Now if I turn the Reasoning switch to ON in the Query Panel, owl:sameAs reasoning will be included along with other reasoning entailed by triples in the Tbox.  When I run the query, I get the result

"Clifford B. Anderson"@en-us

Cool!  I can now use either the ORCID or the VIAF URI to refer to Cliff in triples, and I get the same result! [1]

Oddly enough, "Clifford Anderson"@nl-nl is NOT included in the results.  I haven't yet figured out why, because it should be in the results.  This problem only seems to happen for queries that depend on entailed triples.  If I change the query to

SELECT ?label
WHERE {
  <http://viaf.org/viaf/168432349> skos:prefLabel ?label.
  }

which requires only explicitly asserted triples, I get both results.  Is this a bug?

Note added 2016-03-02: I submitted a bug report on this to Stardog and got a response:
The sameAs URI that
> Stardog picked to use was http://orcid.org/0000-0003-0328-0792, which was
> different from the one that was linked to the skos:prefLabel triples:
> http://viaf.org/viaf/168432349.
> I don't know if that matters or not.

Turns out it matters and the bug occurs only when the triples are
asserted for the URI that is not being returned. We'll fix this for
the next release


Wikimedia Commons. left: Luigizanasi CC BY-SA, right: Øyvind Holmstad  CC BY-SA 

Could I actually build my True Believer's client?  

In an earlier blog post, I described how I used the RDFLib Python library to grab GeoNames RDF by dereferencing GeoNames URIs, then put them into a graph that I saved on my hard drive.  I then manually loaded the graph into the Heard Library triplestore so that I could play with it using the public SPARQL endpoint.  The Heard Library triplestore is currently running Callimachus, which doesn't allow graphs to be loaded via HTTP.  Stardog does allow this, so in principle one could write a Python program to scrape metadata by dereferencing the ORCID, VIAF, and DOI URIs, then dump the scraped triples into a Stardog triplestore via HTTP using the SPARQL protocol.  I haven't read the Stardog manual carefully enough yet to know whether there is a way to specify via HTTP that a SPARQL query should be done with reasoning enabled or not.  It certainly can be done using the command line interface, so at a minimum the Python program should be able to interact with a local implementation of Stardog via command line.  Ooooh!!  That might be a good summer project...

Conclusions

Although this was really just an exercise to see if I could get Stardog to reason on real data (mostly) from the wild, I'm super-excited how easy it was to get it to work.  Both the Tbox (635 triples from the FOAF vocabulary) and the Abox (about 700 scraped from ORCID, VIAF, and DOIs, plus the linking triples I asserted) were relatively small, so the reasoning and queries executed almost instantly.  Aside from the one problem with not getting all of the language-tagged literals, the results were consistent with what I expected.  I'm planning next to "stress test" the system by bumping the number of triples in the Abox up by 3 or 4 orders of magnitude when I load the 1 million+ Bioimages triples.  I want to investigate the questions that I raised in an earlier blog post where I tried to conduct reasoning using generic SPARQL queries and ran into performance issues.  Stay tuned...

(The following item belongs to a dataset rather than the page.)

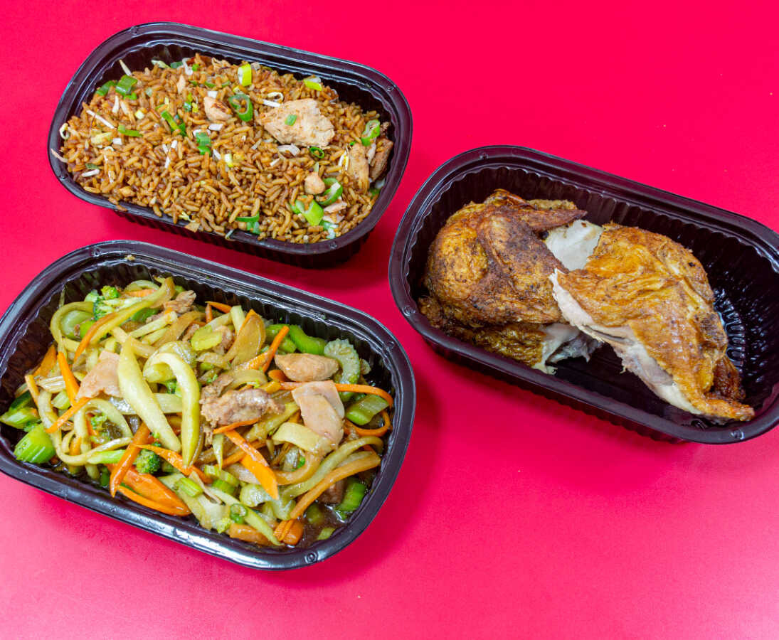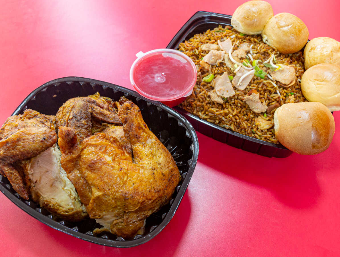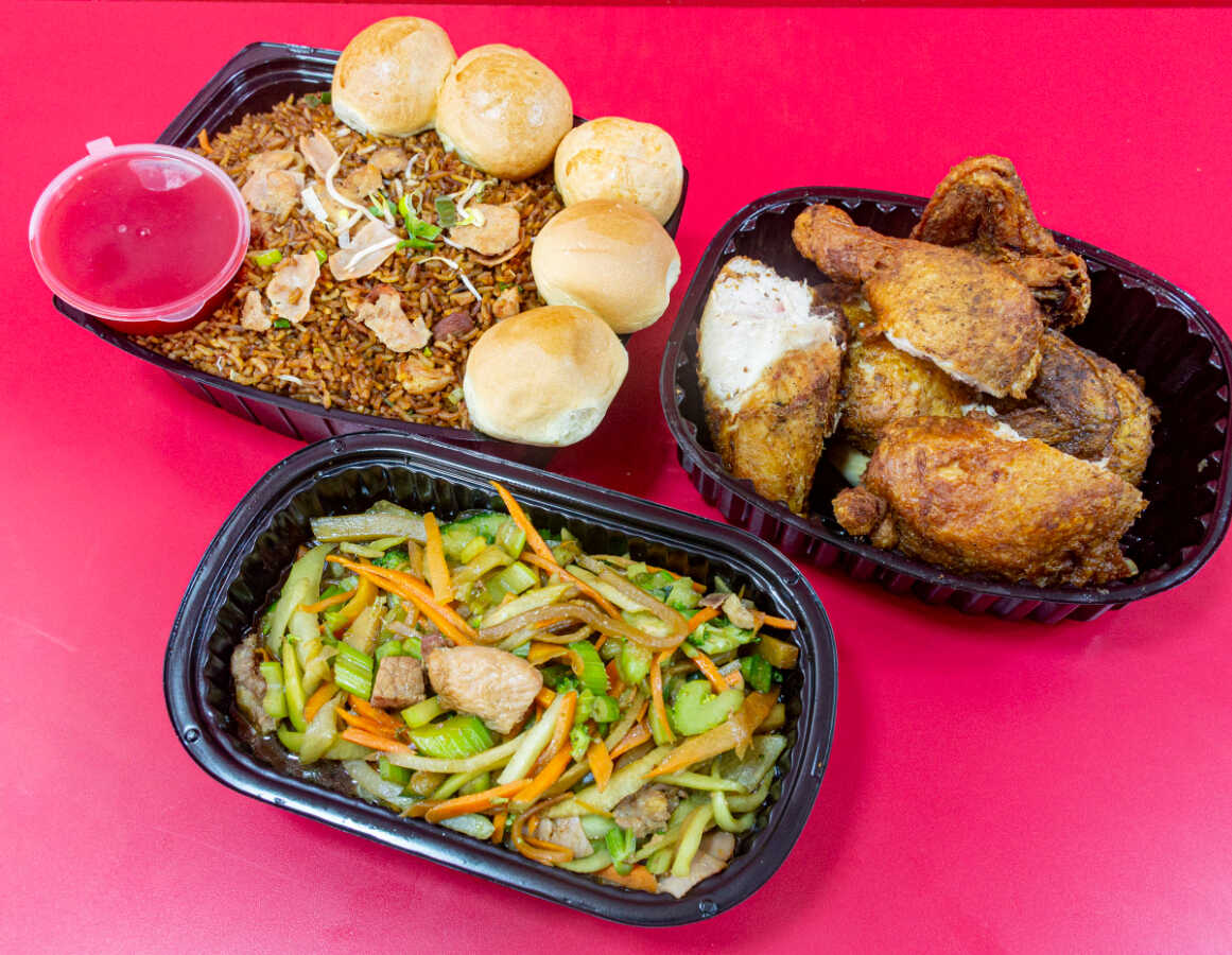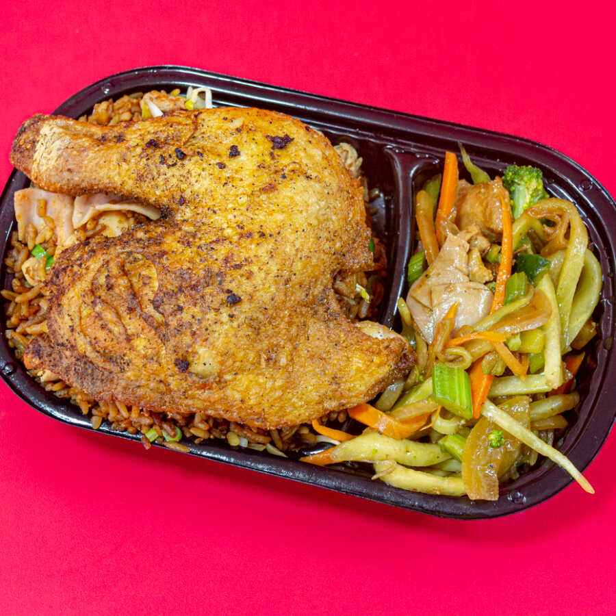 Combo arroz especial (pollo, cerdo, jamon) mediano+ 1/2 pollo frito sin apanar+ extra (chopsuey o espagueti) pequeño

------------------------------------------------------------------------------

Footnote:

[1] The Stardog manual notes that when it performs owl:sameAs reasoning, it does not generate all of the possible alternative triples.  This prevents superfluous triple "bloating", but Stardog randomly chooses only one of the alternative URIs to track the resource.  As far as I can tell, there is no way to specify which one is preferred.  So for example, if a person's VIAF and ORCID URIs are linked with owl:sameAs, there is apparently no way to control which one Stardog would report in a SPARQL query result if the person's node were bound to a variable.